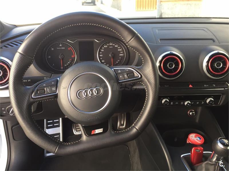 -interior S Line con asientos en piel, techo interior con revestimiento en negro y pedales deportivos. Volante achatado en cuero perforado
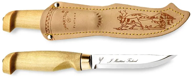MARTTIINI LYNX 129 to standardowych rozmiarów ekstrawagancki nóż o nowoczesnym profilu lakierowanej brzozowej rękojeści. Ostrze ze chromowanej stali nierdzewnej zapewnia ostrość oraz zabezpiecza przed korozją, świetnie sprawdzając się przy pracach codziennych. Nóż zaprojektowano z myślą o kempingu i myślistwie, opatrując go precyzyjnie wyważoną, solidną rękojeścią o wyraźnym profilowaniu na palec - tak, aby zapewnić bezpieczeństwo również podczas trudniejszych wyzwań. Zwieńczenie konstrukcji stanowi stal przy klindze.
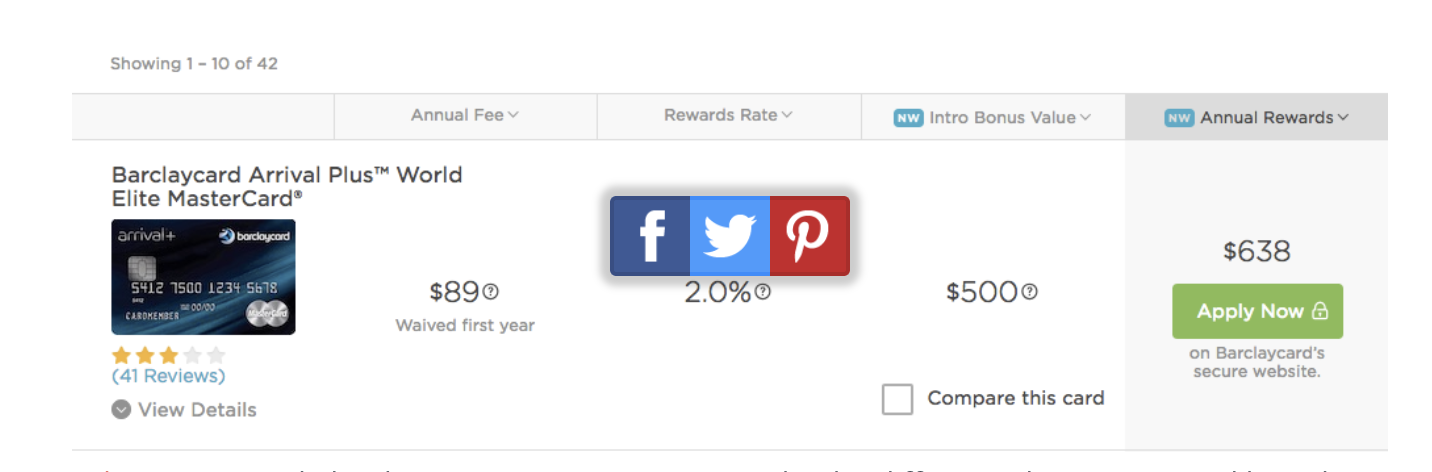 以NerdWallet的信用卡推荐页面为例,它要增加的指标就是通过网站提供的链接申请信用卡的次数。
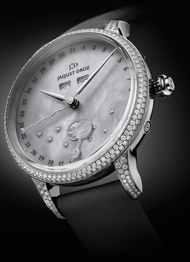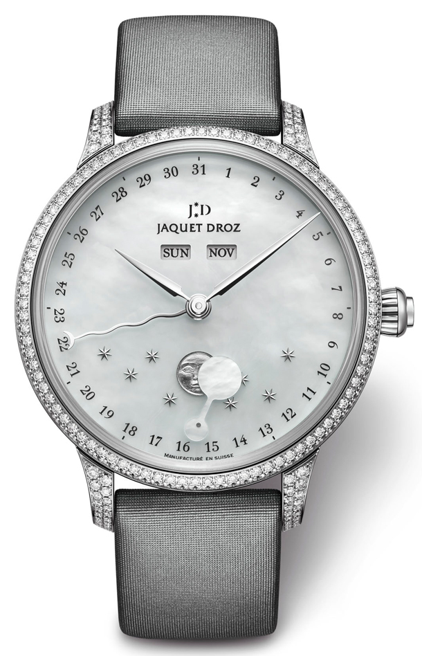 Часы Jaquet Droz Magestic Beijing The Eclipse and the Moons J012614570 обладают круглым корпусом из 18-каратного белого золота, размеры которого составляют 39 х 12.7 мм, водонепроницаемостью до 30 м. Корпус инкрустирован белыми бриллиантами. Рифленая заводная головка расположена на отметке 3 часа. Сапфировое стекло установлено на передней стороне часового корпуса (с антибликовым покрытием) и на его завинчивающейся задней крышке. Циферблат жемчужный, белого цвета, со стрелками серебристого цвета. Модель оснащена мануфактурным швейцарским автоматическим механизмом. Калибр Jaquet Droz 6553L2 с 68-часовым запасом хода, с функциями индикации часов, минут, даты, дня недели, месяца, фазы луны. Астрономические часы. Калибр отменно отделан и декорирован. Поставляется на атласном ремешке с вставкой из 18-каратного белого золота.

○ ○ ○ ○

Reproduce the whole of the data, word for word, and omit its pictures.

 -interior S Line con asientos en piel, techo interior con revestimiento en negro y pedales deportivos. Volante achatado en cuero perforado
MARTTIINI LYNX 129 to standardowych rozmiarów ekstrawagancki nóż o nowoczesnym profilu lakierowanej brzozowej rękojeści. Ostrze ze chromowanej stali nierdzewnej zapewnia ostrość oraz zabezpiecza przed korozją, świetnie sprawdzając się przy pracach codziennych. Nóż zaprojektowano z myślą o kempingu i myślistwie, opatrując go precyzyjnie wyważoną, solidną rękojeścią o wyraźnym profilowaniu na palec - tak, aby zapewnić bezpieczeństwo również podczas trudniejszych wyzwań. Zwieńczenie konstrukcji stanowi stal przy klindze.
 以NerdWallet的信用卡推荐页面为例,它要增加的指标就是通过网站提供的链接申请信用卡的次数。
 Часы Jaquet Droz Magestic Beijing The Eclipse and the Moons J012614570 обладают круглым корпусом из 18-каратного белого золота, размеры которого составляют 39 х 12.7 мм, водонепроницаемостью до 30 м. Корпус инкрустирован белыми бриллиантами. Рифленая заводная головка расположена на отметке 3 часа. Сапфировое стекло установлено на передней стороне часового корпуса (с антибликовым покрытием) и на его завинчивающейся задней крышке. Циферблат жемчужный, белого цвета, со стрелками серебристого цвета. Модель оснащена мануфактурным швейцарским автоматическим механизмом. Калибр Jaquet Droz 6553L2 с 68-часовым запасом хода, с функциями индикации часов, минут, даты, дня недели, месяца, фазы луны. Астрономические часы. Калибр отменно отделан и декорирован. Поставляется на атласном ремешке с вставкой из 18-каратного белого золота.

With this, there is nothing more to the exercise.